Светлый фон

Это была общая стилевая манера, связанная с определенным периодом в истории современного театра, периодом, захватывающим 20‑е и начало 30‑х годов. Она возникла, естественно, как живое «эхо» театра на специфическую общественную атмосферу того времени.

У Станиславского в его постановочном плане «Талантов и поклонников» следы этой стилевой манеры легче всего улавливаются на финальной сцене спектакля, когда после отъезда Негиной развертывается ожесточенная схватка между Мелузовым и группой Бакина и князя Дулебова.

Весь четвертый акт, завершающийся этой сценой, как мы видели, решен Станиславским с поразительным блеском и новаторской смелостью, в сложном театральном рисунке, раскрывающем до конца напряженный драматизм основной ситуации этой пьесы Островского. Но в заключительной сцене акта, по всей вероятности, сегодня мы не согласились бы с таким чрезмерно открытым противопоставлением двух враждебных лагерей персонажей, какое давал здесь Станиславский, и с той чересчур повышенной тональностью, в которой он намечал поведение участников этого финального эпизода.

Такие акценты принадлежали короткому историческому мгновению, когда Станиславский работал над своей постановочной партитурой к «Талантам и поклонникам». Сейчас они показались бы нам в сценической реализации неоправданно угловатыми, с излишней прямотой обнажающими замысел режиссера.

И Домна Пантелевна (А. Зуева) в том облике, как она возникает перед нами со страниц репетиционных протоколов, пожалуй, оказалась бы для наших дней слишком законченной мещанкой. По всей вероятности, сегодня мы были бы снисходительнее на ее счет и захотели бы увидеть в ней побольше добродушия и той душевной растерянности, которая все-таки живет в этой старой, побитой жизнью женщине, тоже по-своему жертве общественного уклада, что и ее молоденькая дочка.

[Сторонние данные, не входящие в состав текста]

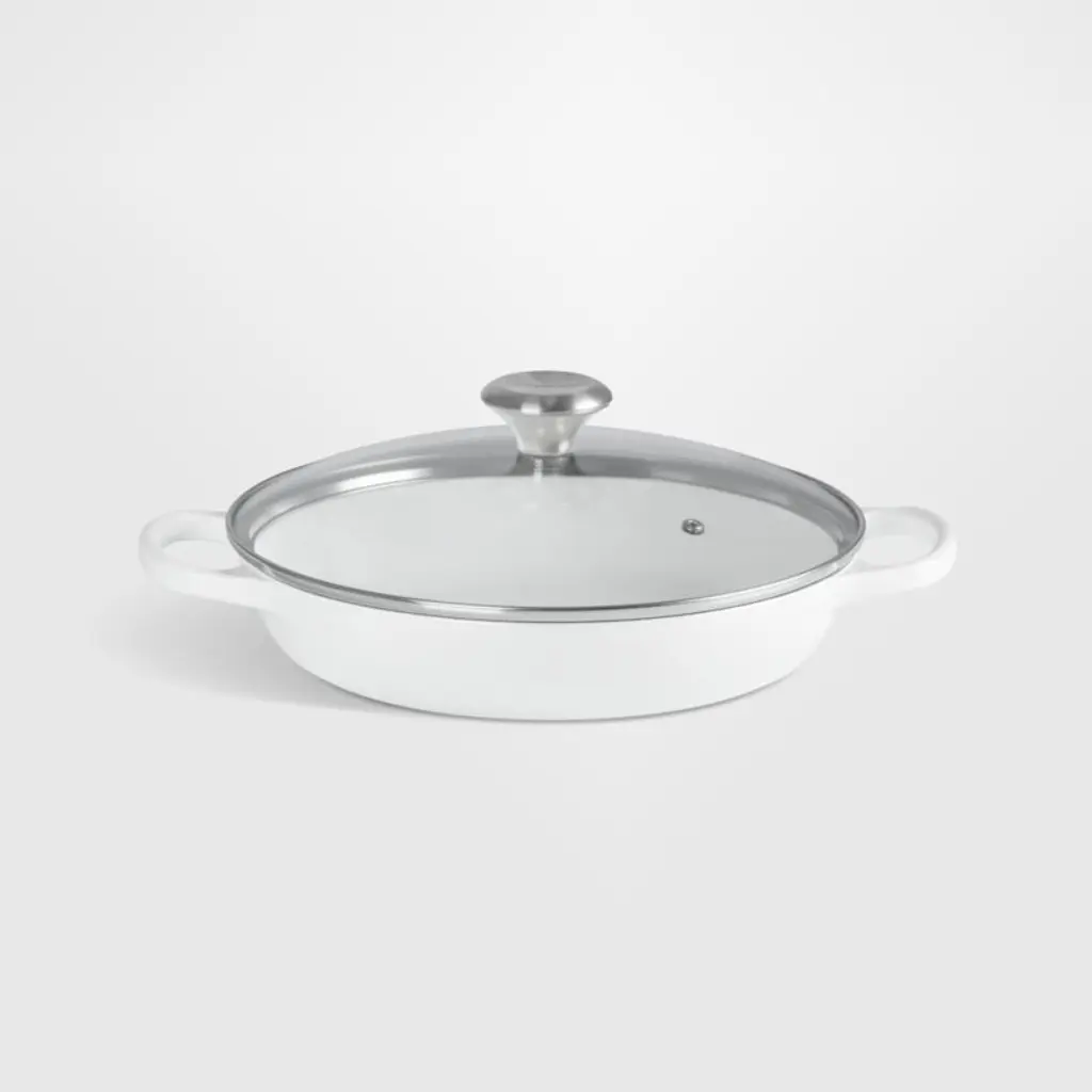 This braiser is clad in Le Creuset's signature red-orange enamel inspired by the raw beauty of molten iron being poured from a crucibleor creuset. The durable coating renders the cast iron impervious to acid, odors and stains and requires no seasoning. The tight-fitting glass lid creates a blanket of heat for even cooking, ideal for braising meats or vegetables and keeping casseroles or baked goods warm (and keeping an eye on your recipe's progress). This versatile pan goes effortlessly from stove to oven to table for a summery presentation of short ribs, nachos or nectarine crumble.Revered by both professional chefs and home cooks since its 1925 debut, Le Creuset's classic French cookware is prized for its utilitarian beauty and unsurpassed heat retention.
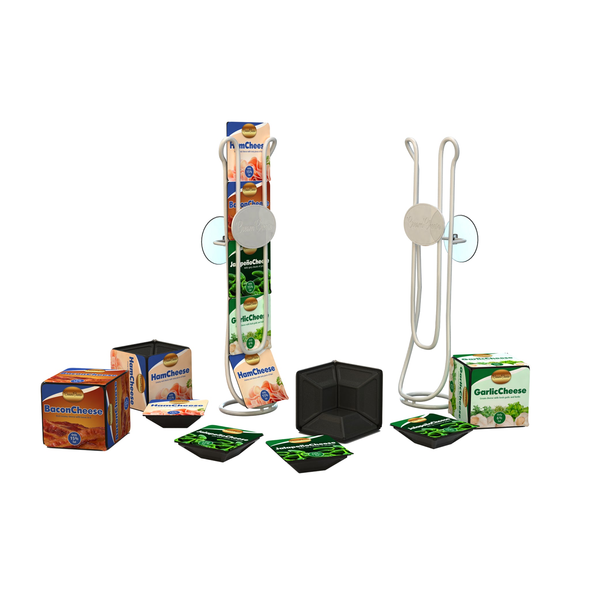 The Q-Bic design works well both from the multipack/distribution box, or consumer packs can be placed on shelves. Q-Bic can be placed flat - at 90 degrees with a back support, or at a 45 degree angle without support.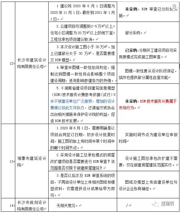 關(guān)于《湖南省住房和城鄉(xiāng)建設(shè)廳關(guān)于開展全省房屋建筑工程施工圖BIM審查工作的通知(試行)(征求意見稿)》意見采納情況
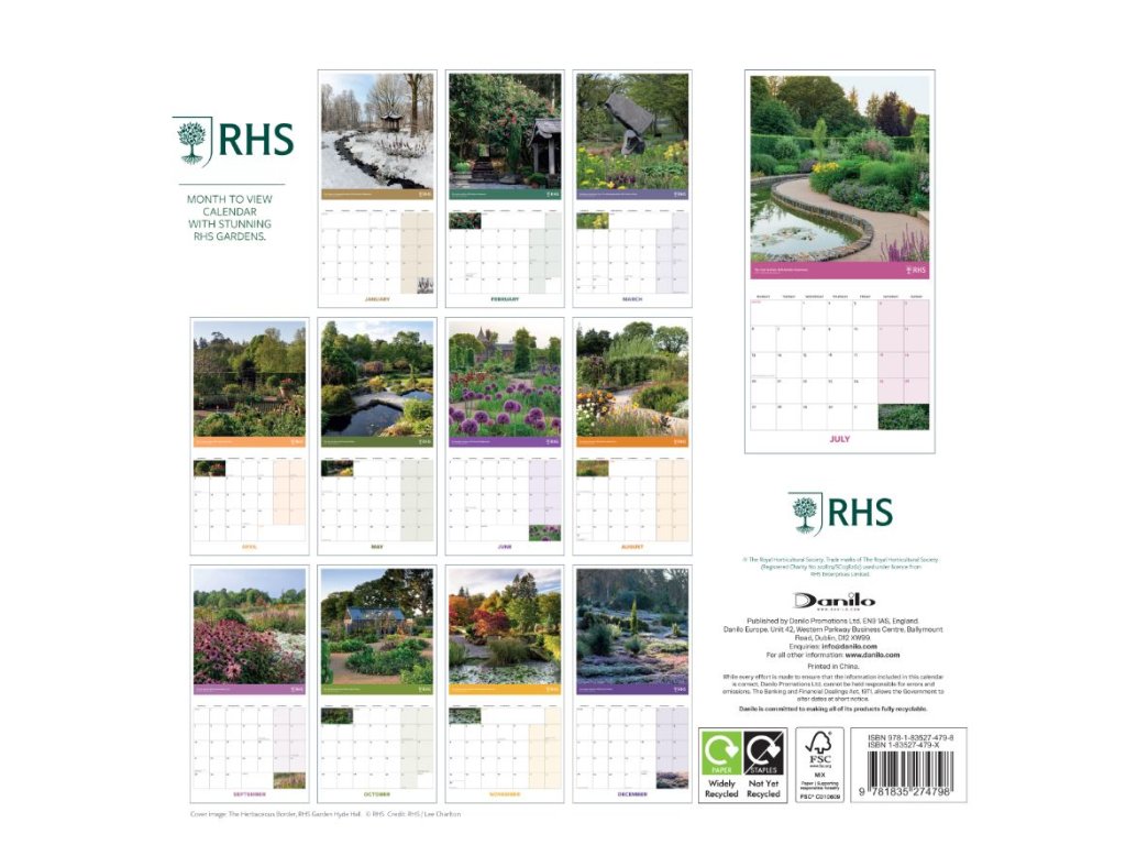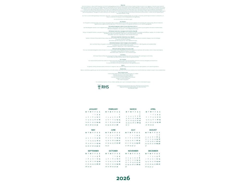 Oficiální produkt - dvanáctiměsíční nástěnný kalendář na rok 2026 s licencí zahradnické společnosti The Royal Horticultural Society.
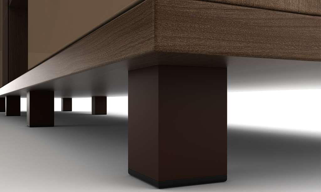 It features aluminium legs for the storage below, adding a touch of elegance.

Но такие летучие сценические акценты, характерные для короткого общественного «микроклимата», легко стираются сейчас со страниц режиссерской партитуры Станиславского, словно смываются с нее потоком времени. И за ними проступают прочные, неизменяемые контуры новой постановочной концепции «Талантов и поклонников», впервые обнажившей глубоко заложенные основы, на которых, подобно зданию на фундаменте, покоится вся сложная постройка этой пьесы Островского.

Концепция эта достаточно широка и всеобъемлюща для того, чтобы не превратиться в новый сценический канон, в стандартный «театральный мундир», изготовленный на веки вечные для «Талантов и поклонников». Отдельные частности, отдельные детали внутри нее будут заменяться другими в зависимости от времени, от индивидуальных особенностей режиссера-постановщика или исполнителей ролей, главных и второстепенных. Будут варьироваться и зрелищные средства при ее воплощении в сценические образы. Но главное в ней останется неизменным, так как это главное касается самого существа пьесы Островского.